Wish the Red was coming in across our course. It would have taken less fuel, and the chase wouldn’t have taken them so far out. But then they’d probably have been spotted, and lost the precious element of surprise.

He blessed the advantage of better radar. In this crazy “war,” so like the dogfights of the first world war, the better than two hundred mile edge of American radar was more often than not the margin of victory. The American crews were a little sharper, a little better trained, but with their stripped down ships, and midget crewmen, with no personal safety equipment, the Reds could accelerate longer and faster, and go farther out. You had to get the jump on them, or it was just too bad.

The second hand hit forty-five in its third cycle, and he stood loose in the cradle as the power died.

Sixty-two combat missions but the government says there’s no war. His mind wandered back over eight years in the service. Intelligence tests. Physical tests. Psychological tests. Six months of emotional adjustment in the screep. Primary training. Basic and advanced training. The pride and excitement of being chosen for space fighters. By the time he graduated, the United States and Russia each had several satellite stations operating, but in 1979, the United States had won the race for a permanent station on the Moon. What a grind it had been, bringing in the supplies.

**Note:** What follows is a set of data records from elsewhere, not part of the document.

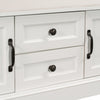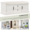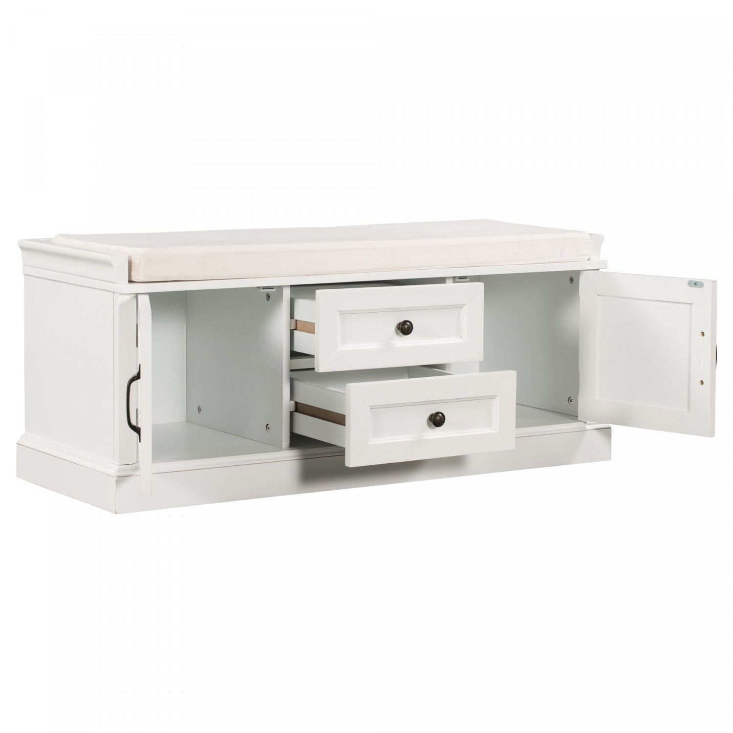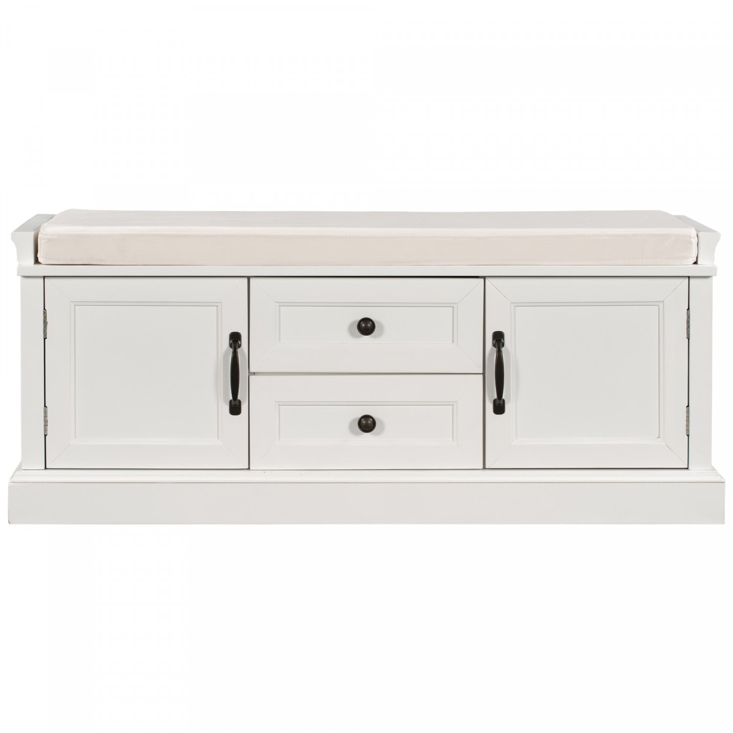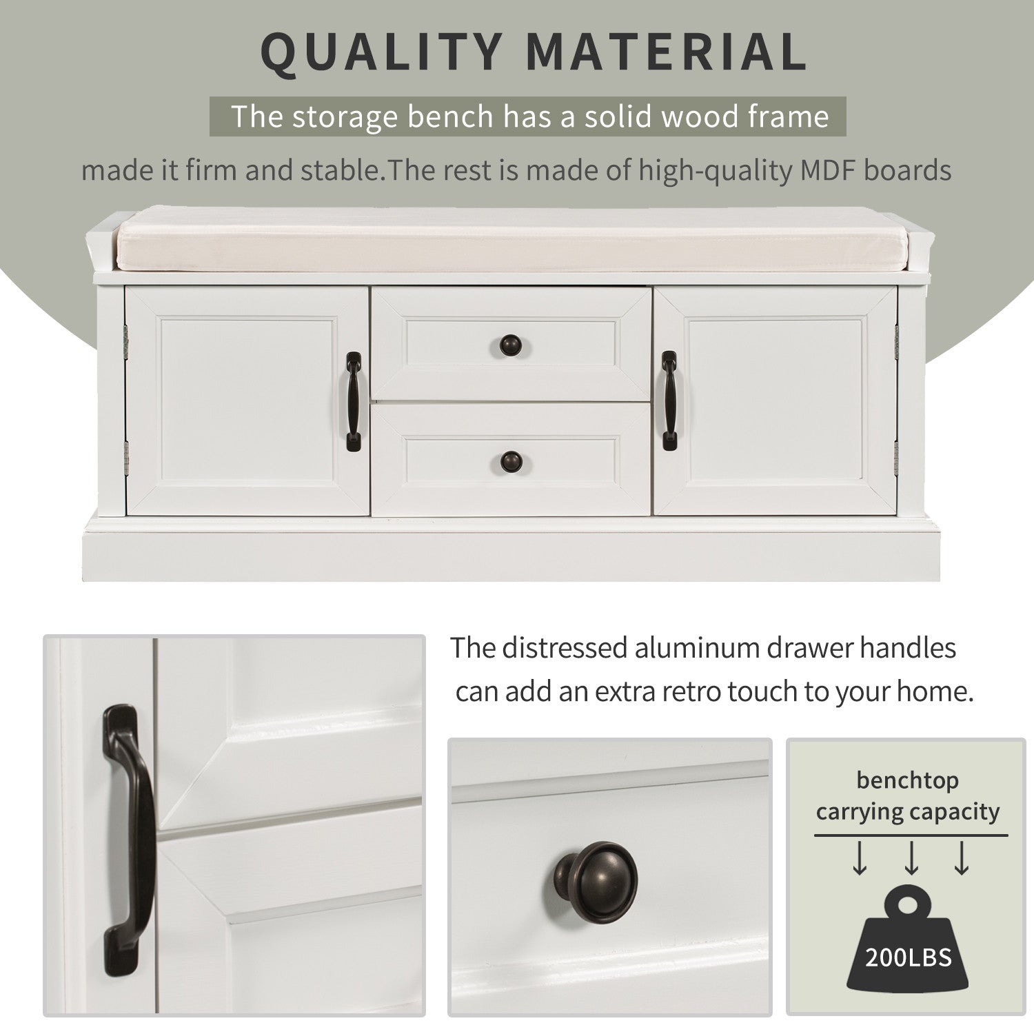 Keep your entryway organized with the storage bench, combining classic design with everyday functionality. This bench features four doors with adjustable shelves, perfect for storing shoes, books, or other essentials. Crafted from solid wood and mdf, it offers long-lasting durability. A removable 2. 2-inch velvet cushion provides comfort while sitting. Retro-style aluminum handles add a vintage touch, making this bench a stylish addition to your hallway, mudroom, or living room.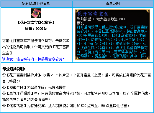 活动期间,钻石商城将限时上架【花开富贵宝盒召唤符】,切勿错失良机!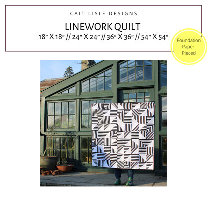 Perfect for Confident Beginner quilters wanting to try their hand at Foundation Paper Piecing, Linework is a choose your own adventure quilt. Have a play and spin your blocks around or switch it up with a fun rainbow for a striking and graphic quilt that will be totally unique to you!\n\nThe downloadable pattern includes:\n\nFull size templates including ¼” seam allowance\nOverview of Foundation Paper Piecing\nHelpful tips and diagrams for piecing and assembling your quilt top\nLots of ideas for different colour schemes and colouring pages to help you choose your layout and colours\nFat Quarter and scrap friendly\n\nSuitable for confident beginners and beyond\n\nShare your projects with #LineworkQuilt and @CaitLisleDesigns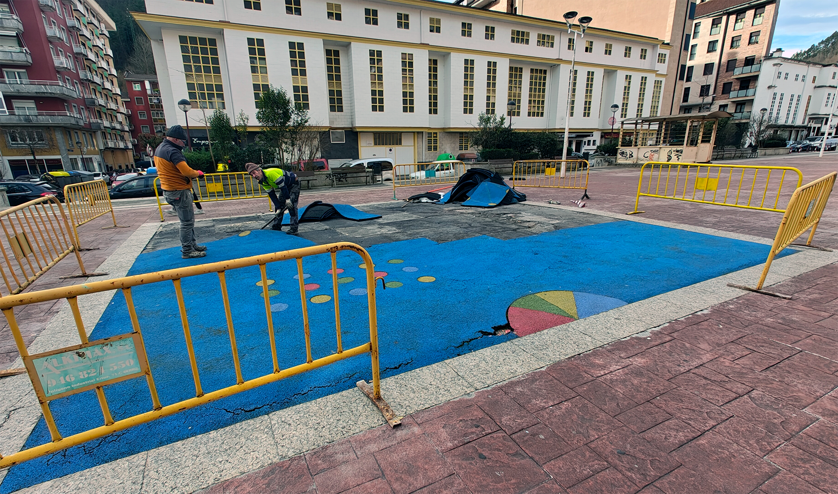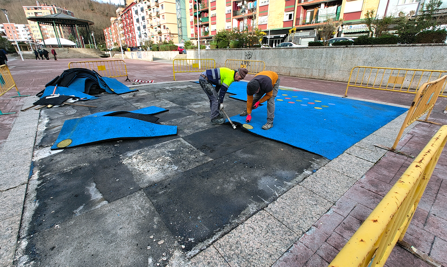 Kautxua kendu, garbitu eta ingurua egokitzeko lanak atzo hasi ziren, segurtasun-perimetroa ezarri eta ingurua seinaleztatu ondoren. Gaur ez da lanik egin, asteko azoka txikiaren jarduera egin behar zelako. Datorren astean hormigoizko zoladura berria egingo da, parkeko erabiltzaileen joan-etorrien segurtasuna bermatzeko.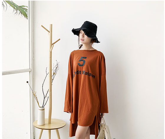凉快的早秋,能够穿上一件精约时髦的深棕色休闲长袖T恤裙,前短后长的不规则下摆规划,让大长腿展示无疑,更是非常显高瘦,宽松的版型舒适休闲,又特性十足~~

A year later the Moon station had “blown up.” No warning. No survivors. Just a brand-new medium-sized crater. And six months later, the new station, almost completed, went up again. The diplomats had buzzed like hornets, with accusations and threats, but nothing could be proven—there were bombs stored at the station. The implication was clear enough. There wasn’t going to be any Moon station until one government ruled Earth. Or until the United States and Russia figured out a way to get along with each other. And so far, getting along with Russia was like trying to get along with an octopus.

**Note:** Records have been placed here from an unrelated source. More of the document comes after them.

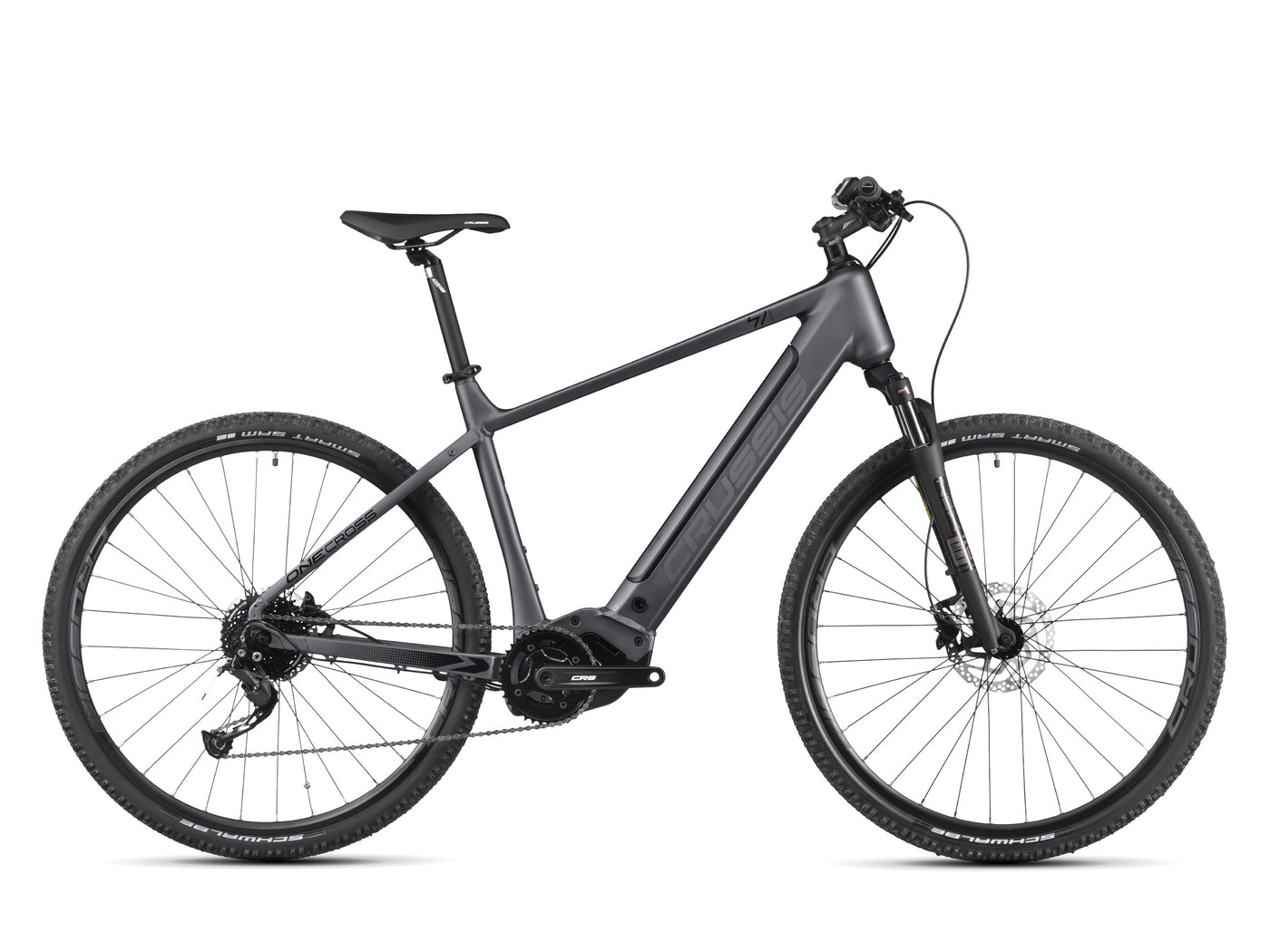 Elektrokolo ONE-Cross 7.10-(720 Wh) je vybaveno vidlicí SUNTOUR NEX HLO DS 700c pro pohodlnou jízdu a barevným LCD displejem PANASONIC, který zobrazuje všechny klíčové údaje o vaší jízdě. Jednoduchý černo-šedý design dodává tomuto modelu styl, který si zamilujete na každém vašem dobrodružství.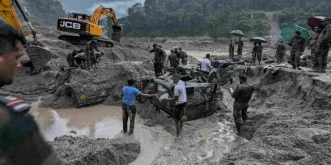 Al menos 14 personas murieron y 102 siguen desaparecidas debido al devastador desbordamiento de un lago glaciar que provocó inundaciones en el noreste de India, donde siguen las labores de búsqueda de los rescatistas, informaron este jueves las autoridades.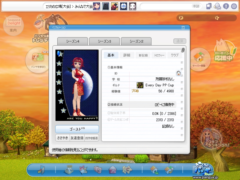 たまにはパンヤの事でも・・・ 1年間で1000万PP稼ぐには どうしたらいいのか ふと考えてみた とりあえず 一試合で10000PP稼いでみるとする これ自体は そんなに難しくはない パンマスとマカロンとアズテック使えば PP+BPで4200PP 稼げばいいわけで BPで1000PPは確実として 残り3200PPを試合内で稼げばいい IC周れば チップしなくてもいけるので これもクリア 30分大会でいけば 時間も少なくて済む そして ここからが本題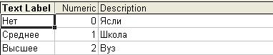 2. Сопоставить текстовым значениям Пол и Образование численные значения и метки в окне свойств переменной:

Of course there were rumors that the psych warfare boys had some gimmick cooked up, to turn the U.S.S.R. upside down in a revolution, the next time power changed hands, but he’d been hearing that one for years. Still, with four new dictators over there in the last eleven years, there was always a chance.

Anyway, he was just a space jockey, doing his job in this screwball fight out here in the empty reaches. Back on Earth, there was no war. The statesmen talked, held conferences, played international chess as ever. Neither side bothered the other’s satellites, though naturally they were on permanent alert. There just wasn’t going to be any Moon station for a while. Nobody knew what there might be on the Moon, but if one side couldn’t have it, then the other side wasn’t going to have it either.